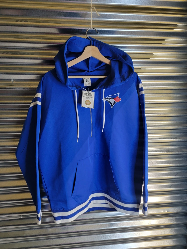 Blue Jays hoodie. Half-zip. Features team logo and Love Pink branding. White stripes on sleeves and hem. Brand new with tag.
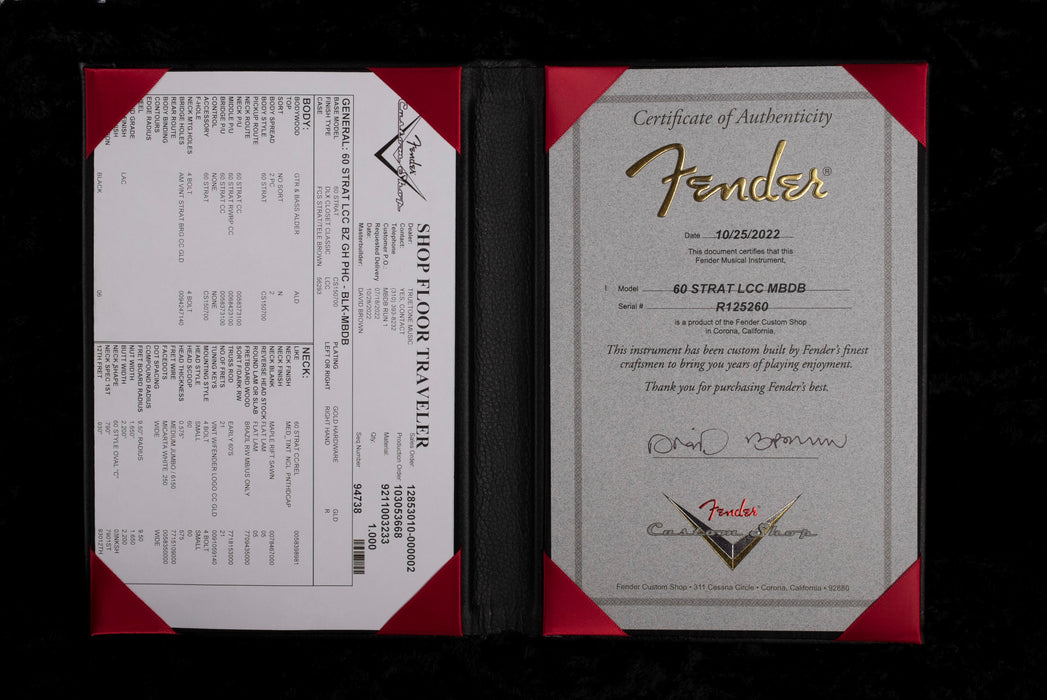 Truetone Music is proud to have a long and close relationship with Fender, especially with the Custom Shop. Every so often, we make a pilgrimage there to sit down with Masterbuilders to cook up a batch of amazing guitars. Sometimes we go for vintage-styled recreations, sometimes we go for modernized tweaks. Sometimes it's a classic color, sometimes it's a totally new color or even reclaimed wood. No matter what, they always knock it out of the park!This exquisite 1960 Stratocaster is a result of this partnership. When a new Masterbuilder is announced, we jump on it and immediately reach out to start working together. In this case, it was easy - the newest Masterbuilder was our old friend David Brown, who had been at Fender previously. It was a lot of fun to reconnect and start dreaming up a batch of amazing guitars. We specifically asked him what he was interested in doing and worked on the design together. That was the genesis of this unbelievably awesome guitar.
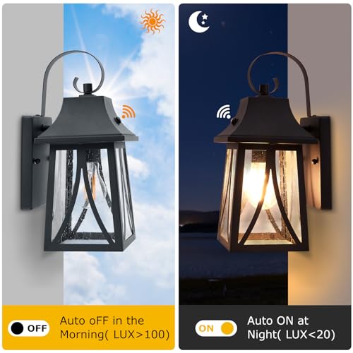 【Dusk to Dawn Outdoor Wall Lanterns】with upgraded photoelectric sensor, the outdoor wall light can sensitively detect the brightness of the surrounding environment and adjust the switch. Auto turns on when brightness is lower than 20 LUX at night, auto turns off when brightness exceeds 100 LUX in the daytime, convenient, environment friendly, energy-saving wall lighting.

────────

Assignment:
Word for word, restate only the lines from the one bearing "Truetone Music is" through the final line of the listing, inclusive, with no pictures.

Output below:
 Truetone Music is proud to have a long and close relationship with Fender, especially with the Custom Shop. Every so often, we make a pilgrimage there to sit down with Masterbuilders to cook up a batch of amazing guitars. Sometimes we go for vintage-styled recreations, sometimes we go for modernized tweaks. Sometimes it's a classic color, sometimes it's a totally new color or even reclaimed wood. No matter what, they always knock it out of the park!This exquisite 1960 Stratocaster is a result of this partnership. When a new Masterbuilder is announced, we jump on it and immediately reach out to start working together. In this case, it was easy - the newest Masterbuilder was our old friend David Brown, who had been at Fender previously. It was a lot of fun to reconnect and start dreaming up a batch of amazing guitars. We specifically asked him what he was interested in doing and worked on the design together. That was the genesis of this unbelievably awesome guitar.
 【Dusk to Dawn Outdoor Wall Lanterns】with upgraded photoelectric sensor, the outdoor wall light can sensitively detect the brightness of the surrounding environment and adjust the switch. Auto turns on when brightness is lower than 20 LUX at night, auto turns off when brightness exceeds 100 LUX in the daytime, convenient, environment friendly, energy-saving wall lighting.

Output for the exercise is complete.